■ What to work on
Starting at the line with "이탈리아 여행 후 많이" and stopping at the final line, retype the data below exactly; do not carry over any pictures.

(Stored data)
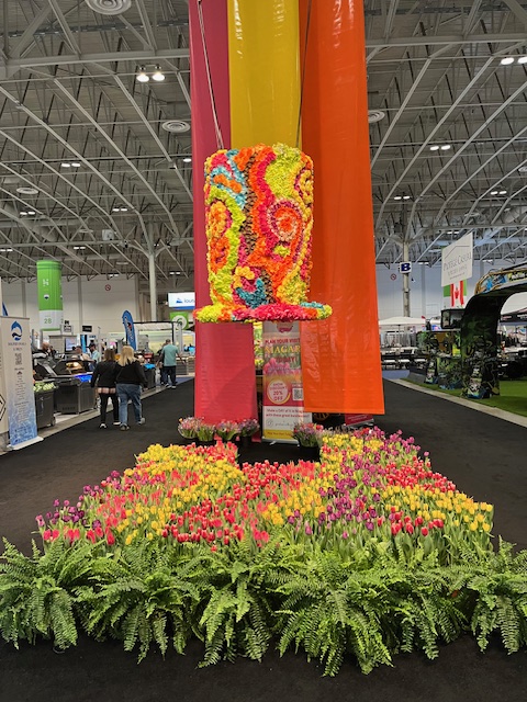 One of my reasons for wanting to visit Montreal was to see some installations by landscape architect Claude Cormier, famous for Sugar Beach, Berczy Park and Love Park, in Toronto. We saw 4 in his home town of Montreal. The grounds of the Clock tower at the Old Port are enhanced with a creation similar to our Sugar Beach. Dorchester Square has been reconfigured with bridges, benches and a fountain. The Ring separates 2 office buildings in Place Ville Marie. The most unique installation stands in the lobby of the Palais des Congress, a convention centre, where live trees and bushes are replaced by The Lipstick Forest.
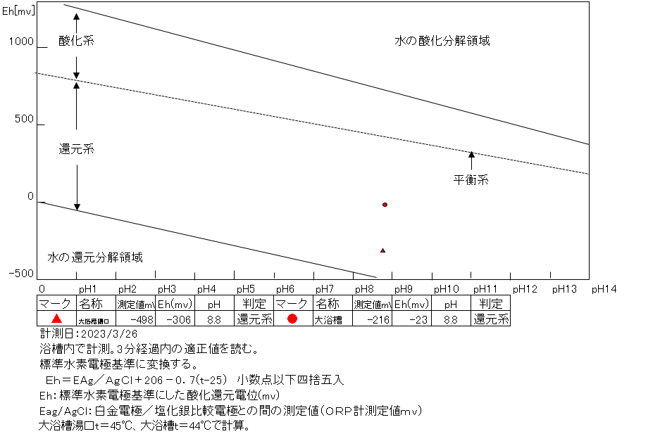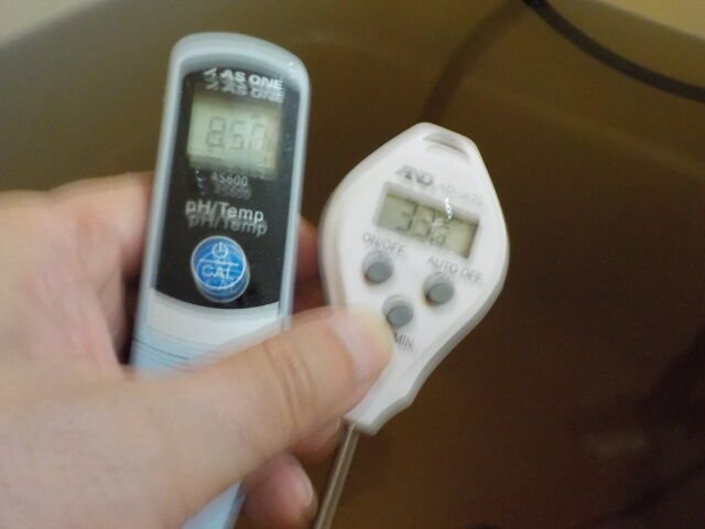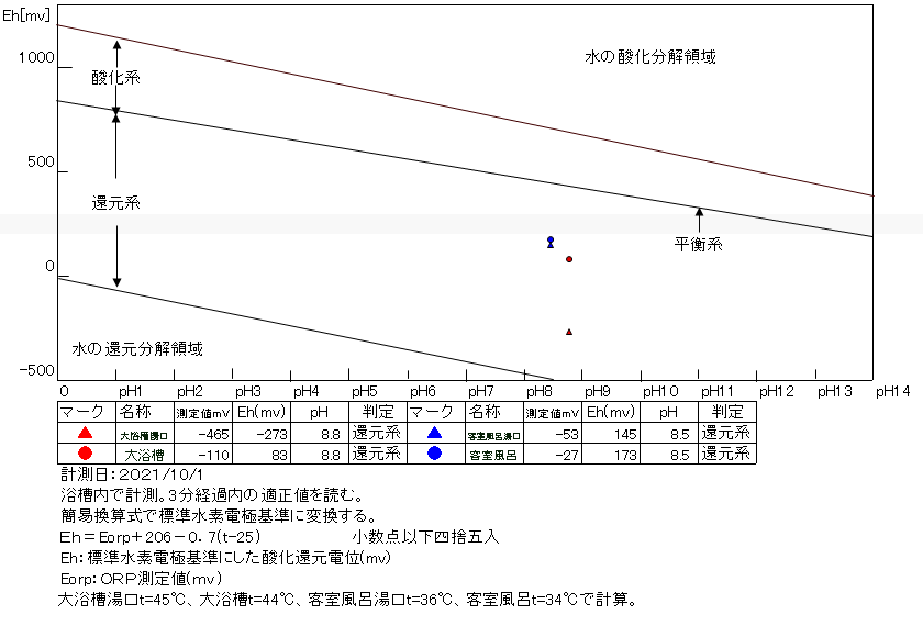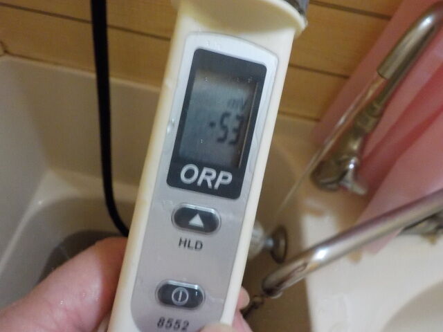 浴槽:温度43.4℃、pH8.74、ORP値は-142mvに収束した。
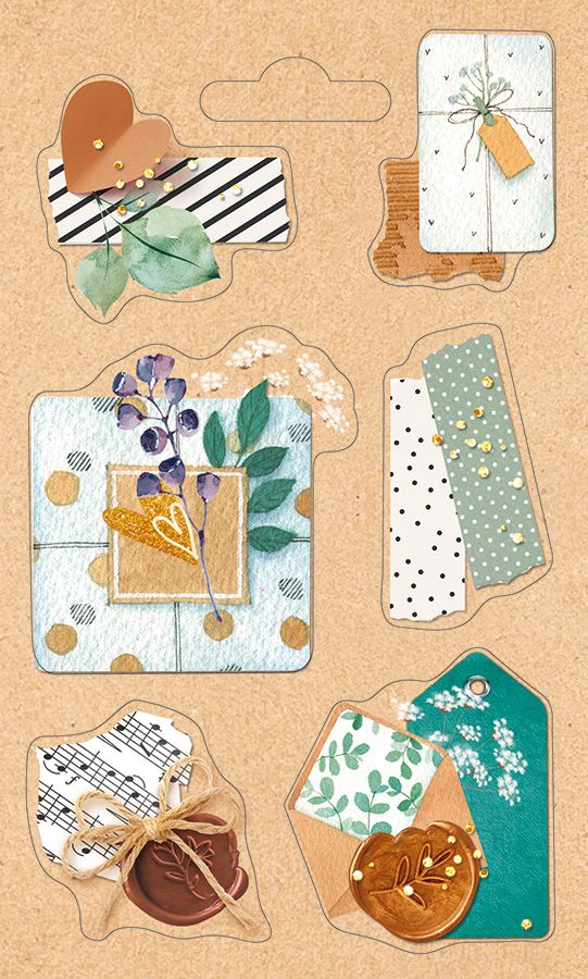 Наклейка формата А5 изготовлена из самоклеящейся бумаги и поставляется листом с набором декоративных элементов в единой стилистике. Основа имеет плотную структуру, обеспечивающую стабильную геометрию при транспортировке и хранении, а также равномерное нанесение клеевого слоя. Размер готового изделия 153×92 мм позволяет удобно размещать лист в стандартных лотках, коробах и файловых системах, что важно при оптовой выкладке и складском учёте. На листе расположены наклейки с изображениями конвертов, подарочных тегов, растительных мотивов, восковых печатей и декоративных элементов в спокойной цветовой гамме, без текстовых надписей, что делает оформление универсальным для разных поводов и целевых аудиторий. Отсутствие отделки упрощает резку и последующее использование: наклейки легко отделяются от подложки, не крошатся по краям и не дают бликов при фотографировании готовых изделий, что удобно для мастерских, интернет-магазинов и студий декора. Самоклеящаяся бумага обеспечивает надёжную фиксацию на большинстве гладких поверхностей — бумаге, картоне, упаковочном крафте, канцелярских принадлежностях, что позволяет применять наклейку для маркировки и оформления подарков, конвертов, коробок, ежедневников и скрап‑проектов. Материал оптимален для краткосрочной и среднесрочной эксплуатации в помещениях: рисунок устойчив к истиранию при обычном обращении, не требует дополнительной защиты плёнкой при стандартных условиях использования. Нейтральная тематика изображений упрощает включение товара в широкий ассортимент подарочной и канцелярской продукции, а также даёт возможность розничному покупателю комбинировать наклейки с любыми подписями и открытками. В упаковке 20.
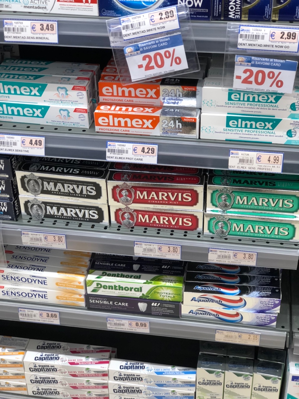 이탈리아 여행 후 많이 들 선물용으로 사간다는 마르비스 치약. 보통 한국에서 구하면 한 개에 1만 원 정도 한다고 하던데 이탈리아 슈퍼에는 이 정도 가격이다. 약국 말고 슈퍼에서 구입하는 것이 확실히 저렴하다. 나도 사용하냐고? 아니 나는 제일 저렴한 세일 상품으로 한 번에 10개로 구입한다. 이런 치약 하나하나에 내 시간 쓰기 아깝다. 치약 휴지 샴푸 이런거는 진짜 한번에 와장창 사 두어야지 잔 고민을 더는 방법이라고 나는 생각한다. 그냥 그렇다고...
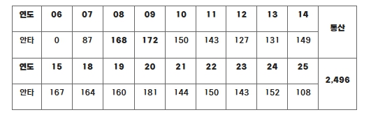▲ 김현수 연도별 안타 |

■ Exercise response
 이탈리아 여행 후 많이 들 선물용으로 사간다는 마르비스 치약. 보통 한국에서 구하면 한 개에 1만 원 정도 한다고 하던데 이탈리아 슈퍼에는 이 정도 가격이다. 약국 말고 슈퍼에서 구입하는 것이 확실히 저렴하다. 나도 사용하냐고? 아니 나는 제일 저렴한 세일 상품으로 한 번에 10개로 구입한다. 이런 치약 하나하나에 내 시간 쓰기 아깝다. 치약 휴지 샴푸 이런거는 진짜 한번에 와장창 사 두어야지 잔 고민을 더는 방법이라고 나는 생각한다. 그냥 그렇다고...
▲ 김현수 연도별 안타 |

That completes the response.